Exercise details: Give the lines again exactly as they appear below, from the line with "45 cm Horizontal Circulation Fan" to the line with "Joint Inspection cum", both included, and only those lines. Leave every picture out.

Task material:

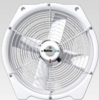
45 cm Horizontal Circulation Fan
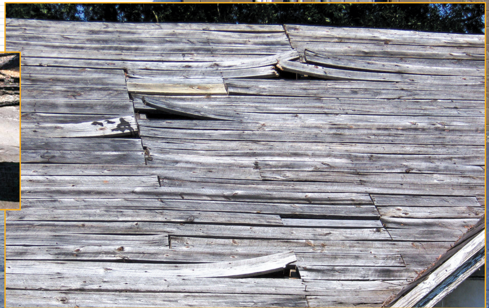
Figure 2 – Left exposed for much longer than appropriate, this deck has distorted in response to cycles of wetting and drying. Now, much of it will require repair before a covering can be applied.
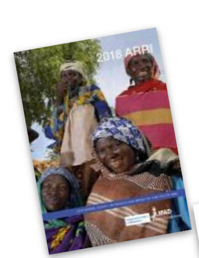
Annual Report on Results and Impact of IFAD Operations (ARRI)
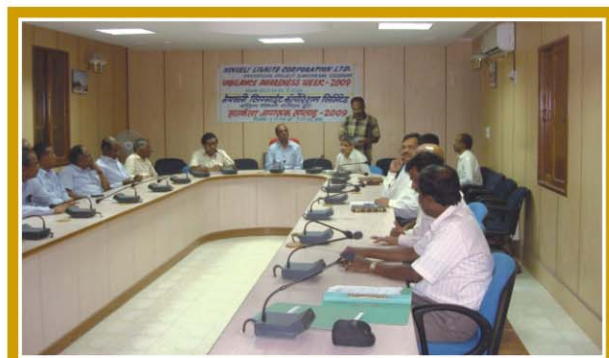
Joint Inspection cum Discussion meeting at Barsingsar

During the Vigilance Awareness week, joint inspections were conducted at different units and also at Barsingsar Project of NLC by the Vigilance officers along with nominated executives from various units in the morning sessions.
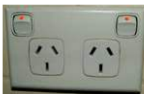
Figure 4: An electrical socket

--

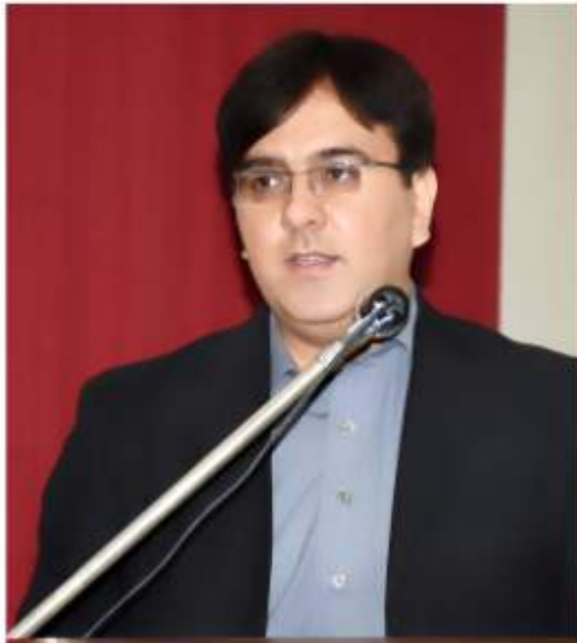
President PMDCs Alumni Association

==

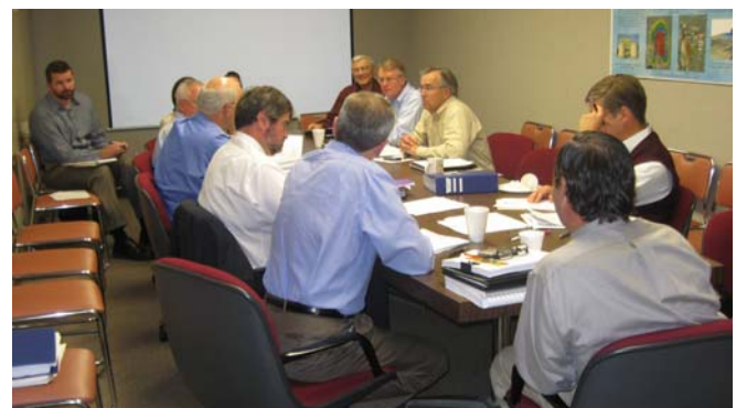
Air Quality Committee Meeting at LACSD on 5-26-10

Result of the exercise:
45 cm Horizontal Circulation Fan
Figure 2 – Left exposed for much longer than appropriate, this deck has distorted in response to cycles of wetting and drying. Now, much of it will require repair before a covering can be applied.
Annual Report on Results and Impact of IFAD Operations (ARRI)
Joint Inspection cum Discussion meeting at Barsingsar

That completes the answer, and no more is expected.